3. The method of using the apparatus of claim 2, comprising:

a. injecting labeled nanoparticles after the imaging material mass accumulation in a wide field-of-view to observe at least one of reflection and scattering of light from the accumulation of nanoparticles at localized spots on the chip surface;

b. sequentially injecting uniquely labeled nanoparticles to provide separate, step-wise information about the specimen status; and, optionally,

c. simultaneously injecting diluted biological samples pre-mixed with labeled nanoparticles.

4. The apparatus of claim 1, further comprising a room temperature stabilized fluidic cartridge system.

5. An appropriate buffer for diluting and running a heterogeneous biological sample for use with the apparatus of claim 1.

6. A method of using the apparatus of claim 3, comprising step-wise injections of a heterogeneous biological sample and labeled nanoparticles in order to sequentially detect useful information about the specimen (e.g., IgM antibody content followed by IgG antibody content).

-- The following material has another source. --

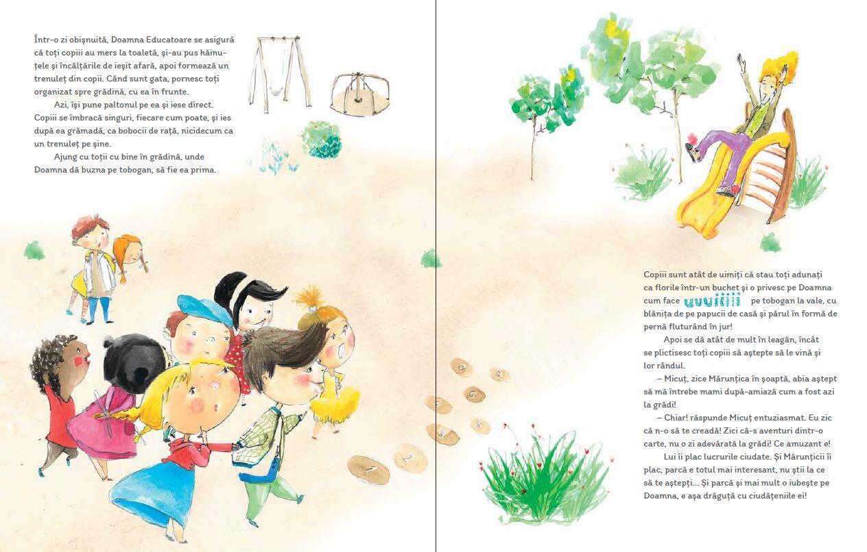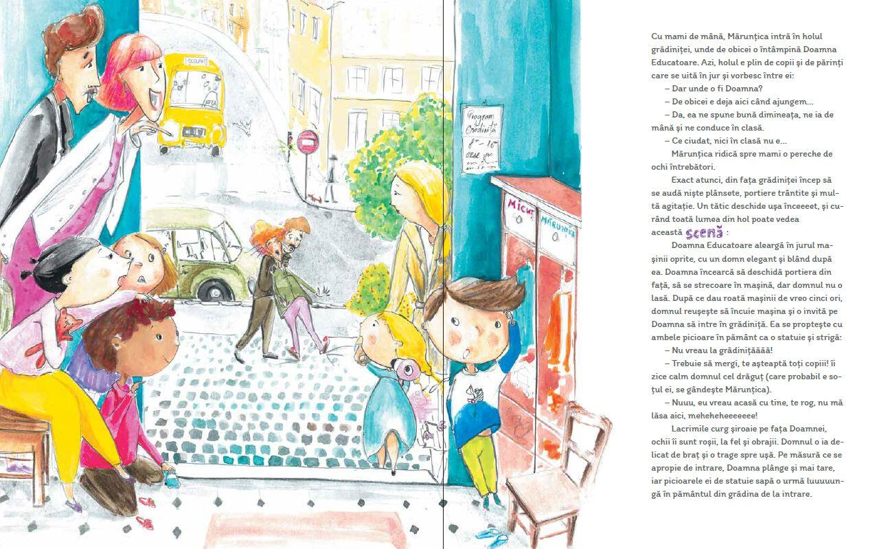 Dupa ce Mami si Tati s-au purtat ciudat si foarte ciudat, acum e randul Doamnei Educatoare sa faca lucrurile pe dos. Doamna, care e mereu atat de aranjata, de calma, care stie sa cante, sa picteze si sa spuna poezii atat de frumos, care e mereu acolo cu bratele deschise pentru copii, care stie sa-i impace si sa-i linisteasca, de data asta se poarta bizar. Vine la gradinita in pijamale, nu vrea sa ramana cu copiii si plange ca-i e dor de sotul ei, nu respecta niciun program, se inghesuie sa se dea doar ea pe toboganul din curte, se asaza la masa fara sa se spele pe maini, e complet lipsita de maniere, nu vrea sa doarma la pranz, iar seara decide ca vrea sa ramana la gradinita peste noapte, sa doarma ca Alba ca Zapada, pe paturile piticilor, adica ale copiilor.

7. A method of using the apparatus of claim 3, comprising the use of disease specific analytes to detect direct mass accumulation followed by more specific step-wise conjugate nanoparticles to indicate disease status for real-time and endpoint binding measurements.

8. A method of using the apparatus of claim 3, comprising the step-wise detection of the specimen binding events, wherein mass binding is followed by conjugated nanoparticle binding.

9. A method of using the apparatus of claim 3, comprising detecting of an antibody isotype.

10. The apparatus of claim 1, further comprising a room temperature stabilized and/or lyophilized conjugate nanoparticle system to be incorporated with step-wise detection of the specimen binding events for the detection of a specific antigen or nucleic acid present in the specimen.

11. The apparatus of claim 1, further comprising a series of positive and negative control analytes to indicate the presence of the diluted specimen and to monitor for non-specific binding.

12. A method for imaging material mass accumulation followed by more specific gold nanoparticle accumulation observed in the wide-field.

13. An apparatus comprising one or more of:

a. multiple distinct target compatible materials bound to a chip, wherein said materials target tick borne infections;

b. multiple distinct target compatible materials bound to a chip, wherein said materials target flavivirus and alphavirus infections;

c. multiple distinct target compatible materials bound to a chip, wherein said materials target flu, HIV-1, HIV-2, HBV, and HCV;

d. multiple distinct target compatible materials bound to a chip, wherein said materials target known allergens;

e. a series of target analytes specific for Lyme infection including VoVo, VoBop, Vo4, OspC variants, DbpA, DbpB, VIsE, FlaB and C6 bound to the chip surface;

f. a series of target analytes specific for Babesia infection including BMSA1 and BMN1-17 bound to the chip surface;

g. a series of target analytes specific for dengue and zika infection including dengue NS1 and envelope proteins

h. a series of antibodies targeting dengue NS1 for the detection of circulating dengue NS1 in a patient specimen including 528.1133, 528.292, 528.1299, 1010.511 and 1010.522; and

i. a series of target analytes specific for chikungunya infection, including chikungunya envelope proteins

14. A method comprising one or more of:

a. analysis of binding events that incorporate at least of one of dynamic and endpoint measurements;

b. cut-off thresholds to determine positivity based on one or multiple target binding events to a target;

c. cut-off thresholds that incorporate one or multiple targets;

d. cut-off thresholds that incorporate measurements from mass accumulation and step-wise addition of conjugated nanoparticles, wherein said measurements are incorporated either individually or jointly; and

e. machine learning applied to categorizing specimens (e.g., positive or negative, IgM positive, antigen positive, etc.) based upon at least one of real-time or endpoint measurements with at least one of mass and step-wise addition of conjugated nanoparticles, and wherein a training set is used to train and properly classify specimens according to the desired status.